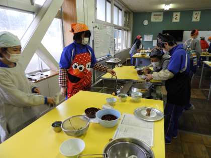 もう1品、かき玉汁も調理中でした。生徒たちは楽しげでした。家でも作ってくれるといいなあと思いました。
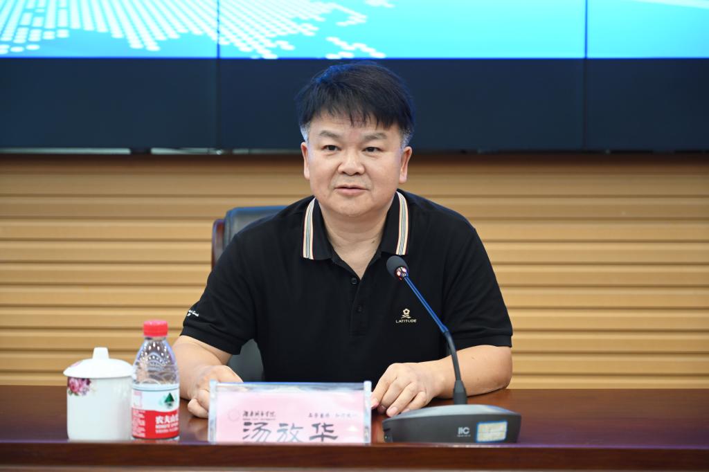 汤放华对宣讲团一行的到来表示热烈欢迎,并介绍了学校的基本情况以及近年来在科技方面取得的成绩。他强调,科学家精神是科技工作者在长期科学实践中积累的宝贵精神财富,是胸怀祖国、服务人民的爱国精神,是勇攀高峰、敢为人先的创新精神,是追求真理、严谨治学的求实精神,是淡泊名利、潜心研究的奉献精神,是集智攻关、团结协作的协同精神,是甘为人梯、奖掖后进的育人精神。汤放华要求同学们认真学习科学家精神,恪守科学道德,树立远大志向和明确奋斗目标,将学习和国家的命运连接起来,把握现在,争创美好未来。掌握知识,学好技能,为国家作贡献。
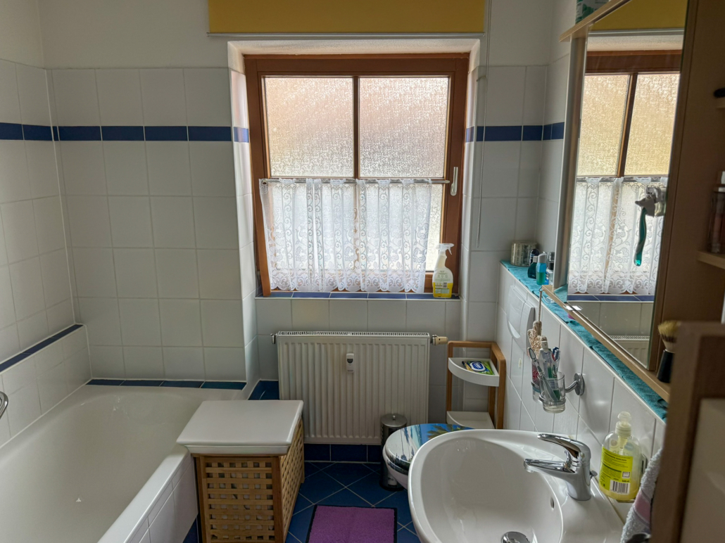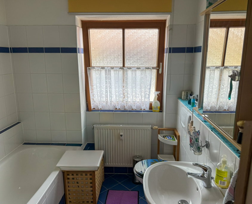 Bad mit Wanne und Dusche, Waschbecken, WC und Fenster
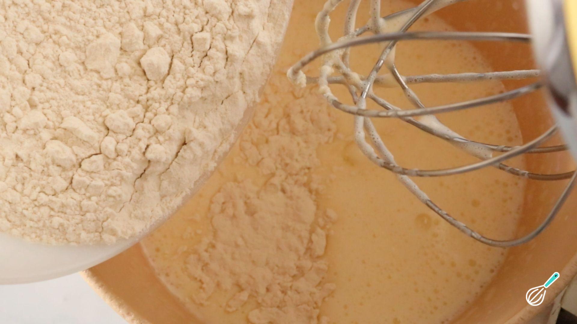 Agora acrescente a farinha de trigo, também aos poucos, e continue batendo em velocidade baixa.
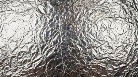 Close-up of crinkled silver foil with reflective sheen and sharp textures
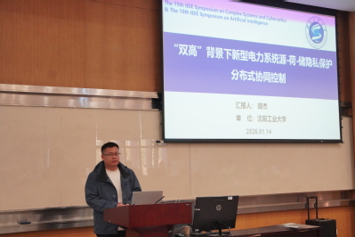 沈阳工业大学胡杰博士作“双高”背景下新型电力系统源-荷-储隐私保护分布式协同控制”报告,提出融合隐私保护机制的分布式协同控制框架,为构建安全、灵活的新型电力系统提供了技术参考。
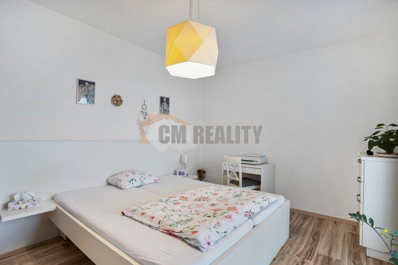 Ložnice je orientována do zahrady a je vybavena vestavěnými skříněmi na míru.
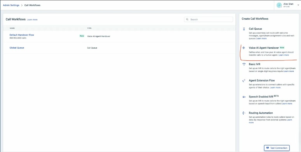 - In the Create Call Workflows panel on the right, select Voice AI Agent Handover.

• Exercise requirements
Please print everything in the material exactly, apart from the pictures.

• Solution for this exercise
 もう1品、かき玉汁も調理中でした。生徒たちは楽しげでした。家でも作ってくれるといいなあと思いました。
 汤放华对宣讲团一行的到来表示热烈欢迎,并介绍了学校的基本情况以及近年来在科技方面取得的成绩。他强调,科学家精神是科技工作者在长期科学实践中积累的宝贵精神财富,是胸怀祖国、服务人民的爱国精神,是勇攀高峰、敢为人先的创新精神,是追求真理、严谨治学的求实精神,是淡泊名利、潜心研究的奉献精神,是集智攻关、团结协作的协同精神,是甘为人梯、奖掖后进的育人精神。汤放华要求同学们认真学习科学家精神,恪守科学道德,树立远大志向和明确奋斗目标,将学习和国家的命运连接起来,把握现在,争创美好未来。掌握知识,学好技能,为国家作贡献。
 Bad mit Wanne und Dusche, Waschbecken, WC und Fenster
 Agora acrescente a farinha de trigo, também aos poucos, e continue batendo em velocidade baixa.
 Close-up of crinkled silver foil with reflective sheen and sharp textures
 沈阳工业大学胡杰博士作“双高”背景下新型电力系统源-荷-储隐私保护分布式协同控制”报告,提出融合隐私保护机制的分布式协同控制框架,为构建安全、灵活的新型电力系统提供了技术参考。
 Ložnice je orientována do zahrady a je vybavena vestavěnými skříněmi na míru.
 - In the Create Call Workflows panel on the right, select Voice AI Agent Handover.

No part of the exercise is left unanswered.